Another of the Seventy Apostles favored of God was Silvanos, who is mentioned in the New Testament passage which reads, “By Silvanos, a faithful brother unto you, as I suppose, I have written briefl y, exhorting and testifying that this is the true grace of God wherein ye stand.” (1 Pet. 5:12). The great St. Peter uses the word “briefly” to acknowledge that much more can be said of the apostle Silvanos, who as the bishop of Thessaloniki encountered more than his share of resistance to the worship of a carpenter from distant Nazareth by a Greek colony as proud of their idolatry as of their art and literature. Bishop Silvanos did not fi nd an easily swayed audience in his mission, but he did find audiences with an intelligence to which he appealed with huge success. His was another long service to Christ in a complete triumph of Greek Christian conversion, which placed the ancient myths in their proper place, not as truth but as fancy that has since served to amuse readers of every civilized language.
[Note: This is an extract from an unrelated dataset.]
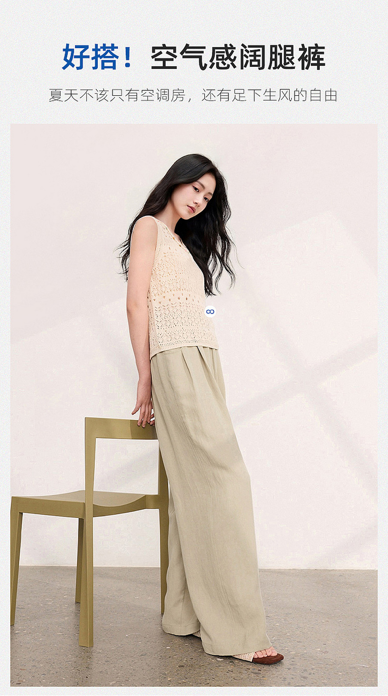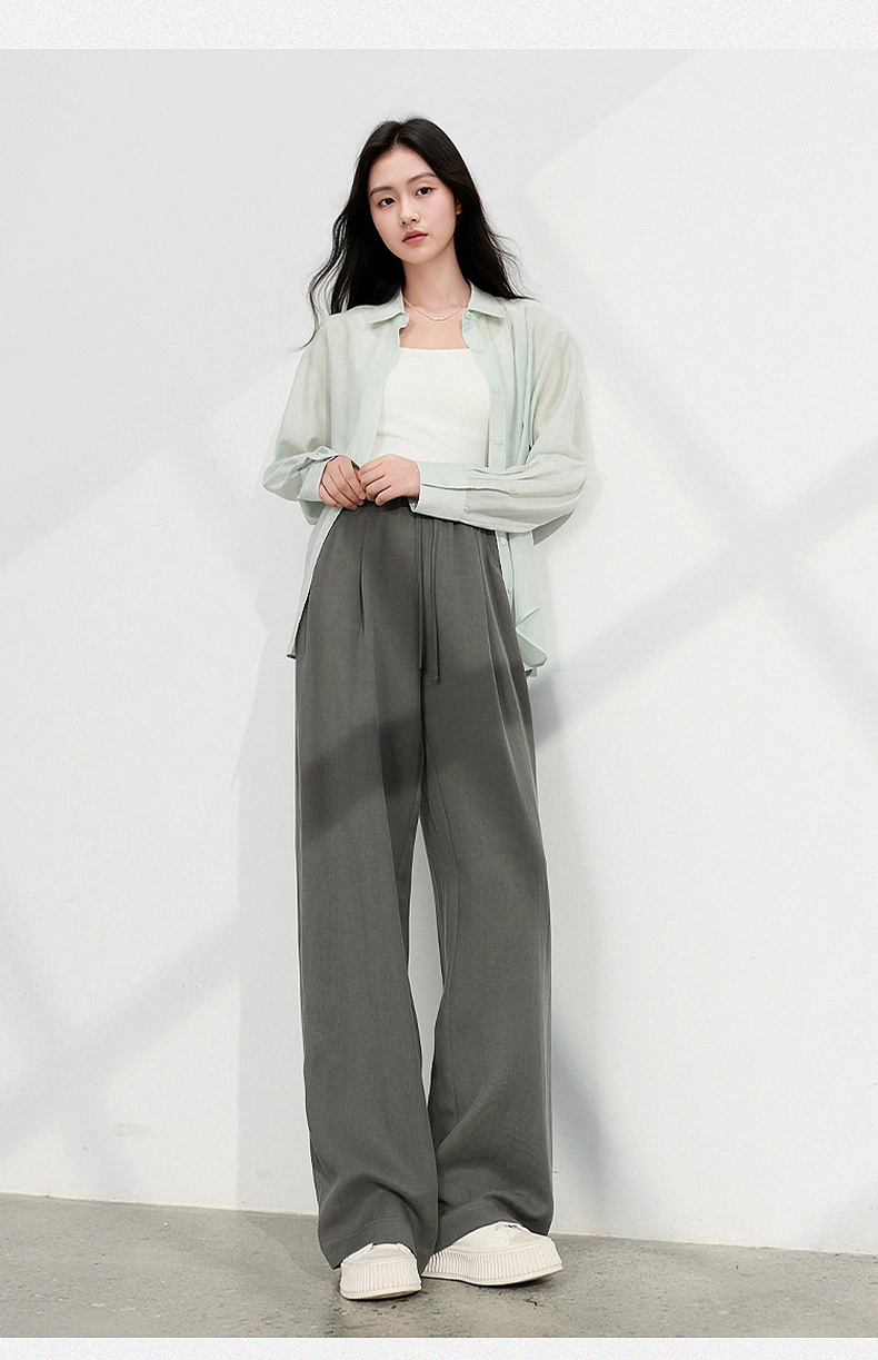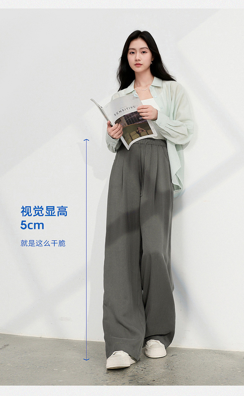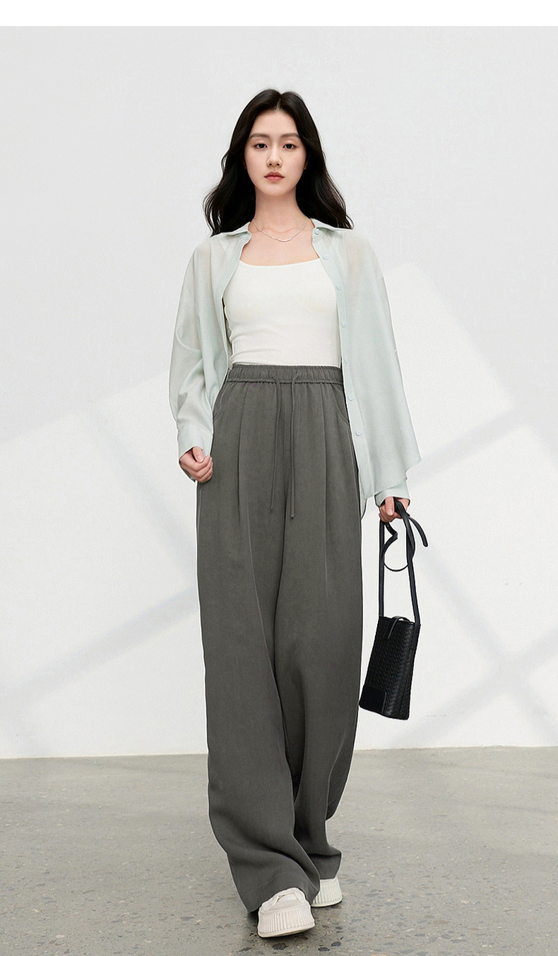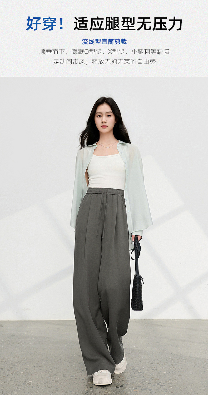 【莱赛尔】三彩2026夏季新款休闲裤高腰宽松直筒裤长裤垂感Z
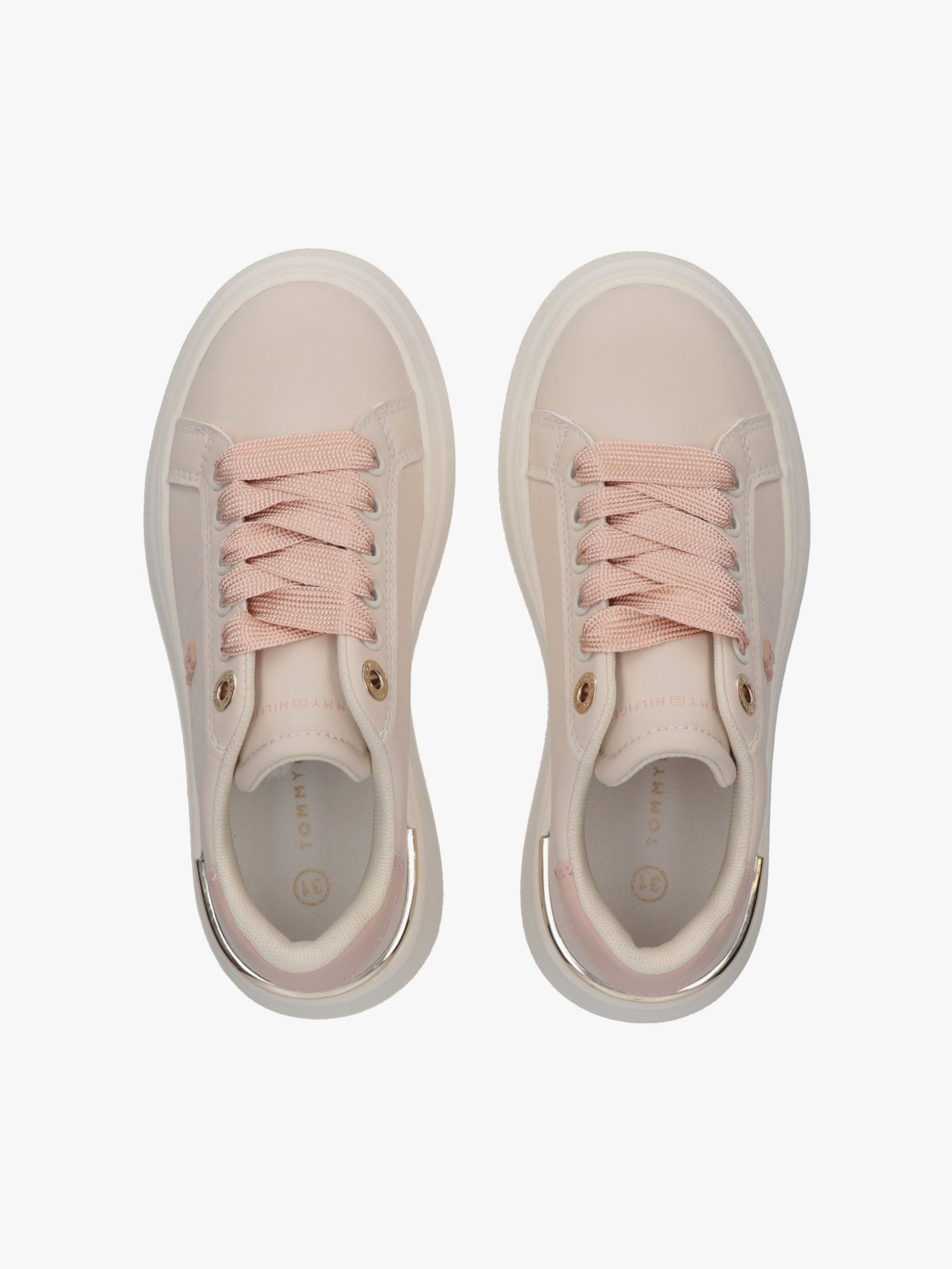 أحذية رياضية من تومي هيلفيغر بإحساس أنثوي معاصر، تتميز بنعل منصة يمنح ارتفاعاً ولمسة جريئة. يبرز الجزء العلوي بتفصيلة المونوغرام الأيقونية، بينما يضمن الإغلاق بالأربطة ملاءمة ثابتة. مثالية لرفع مستوى الإطلالات الكاجوال.

Another gallant soldier lost in the ranks of the Apostolic Seventy was Apainetos, whose unfamiliar name is inscribed for eternity in the New Testament when St. Paul says, “Salute my well-beloved Apainetos, who is the first fruit of Achaia unto Christ.” (Rom. 16:5). Chosen by the apostles to serve as bishop of Carthage in Africa, Apainetos met with a Carthaginian crowd which was as hostile as any of the proud Greeks. But with the oratorical skill born of truth, he had remarkable success in the conversion to Christianity of those whose priorities lay elsewhere. The Christian religion became the preeminent influence in an ancient city of Africa which was much more familiar with the Hannibals that predated the Messiah by centuries.

The last of the sacred Seventy Apostles, and certainly not the least, was Crescens, whose apostolic merit is to be found in the magnificent St. Paul’s letter to Timothy in which he writes the instruction, “Do thy diligence to come shortly to me...and Crescens to Galatia, Titus unto Dalmatia.” (2 Tim. 4:10). Following his mission to Galatia, Crescens was ordained bishop of Chalcedon, a city in which he firmly planted Christianity as a faith which found greater expression than in most other areas for centuries to come.